Surinder Josan has been dealing with Covid-19 disbelievers in his All Seasons DIY shop in Smethwick, Birmingham, throughout lockdown. “One guy wanted to shake my hand, and I said I really shouldn’t because of the coronavirus – he just walked out muttering, ‘Coronavirus, my ass’,” he says. But now that masks are set to be made mandatory inside shops from July 24 under threat of a £100 fine, Josan has a problem: what to do if someone refuses?

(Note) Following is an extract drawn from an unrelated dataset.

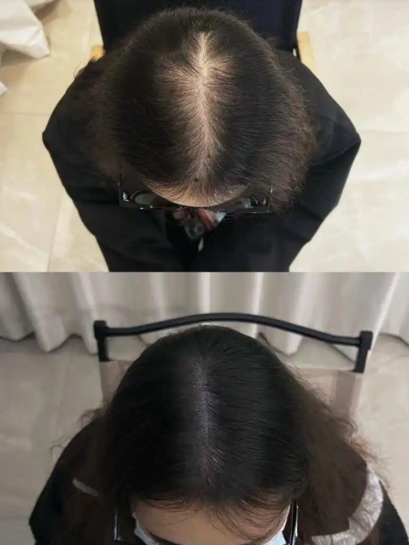 案例B:长期熬夜的职场人,发际线不断后移,坚持搭配精华使用后,额头处长出细小绒毛,发根变得强韧有力,发际线逐渐稳固。

“I don’t think it’s down to us to enforce it,” he says, explaining he hopes customers will manage it themselves. “The authorities have said anybody sensible will do it anyway, and I think other customers will insist on [others wearing masks].”
No-one wants to be responsible for enforcing this rule. “We will expect retailers to manage entry to their stores and compliance with the law while customers are inside, with police involvement as a last resort,” said Martin Hewitt, chair of the National Police Chief’s Council, in a statement. But Peter Cowgill, the CEO of JD Sports, told the BBC that his stores will offer masks for free to shoppers, but not ask staff to enforce the rule. “It’s a police matter to enforce rather than for them to get involved in any potential public disturbances,” he said.
Health Secretary Matt Hancock suggested the public will police themselves. “Enforcement is for the police, but the enforcement, I think, will largely be undertaken by the British people themselves who have been remarkable in their fortitude, sticking with these rules even whilst they may be a frustrating imposition,” he told parliament.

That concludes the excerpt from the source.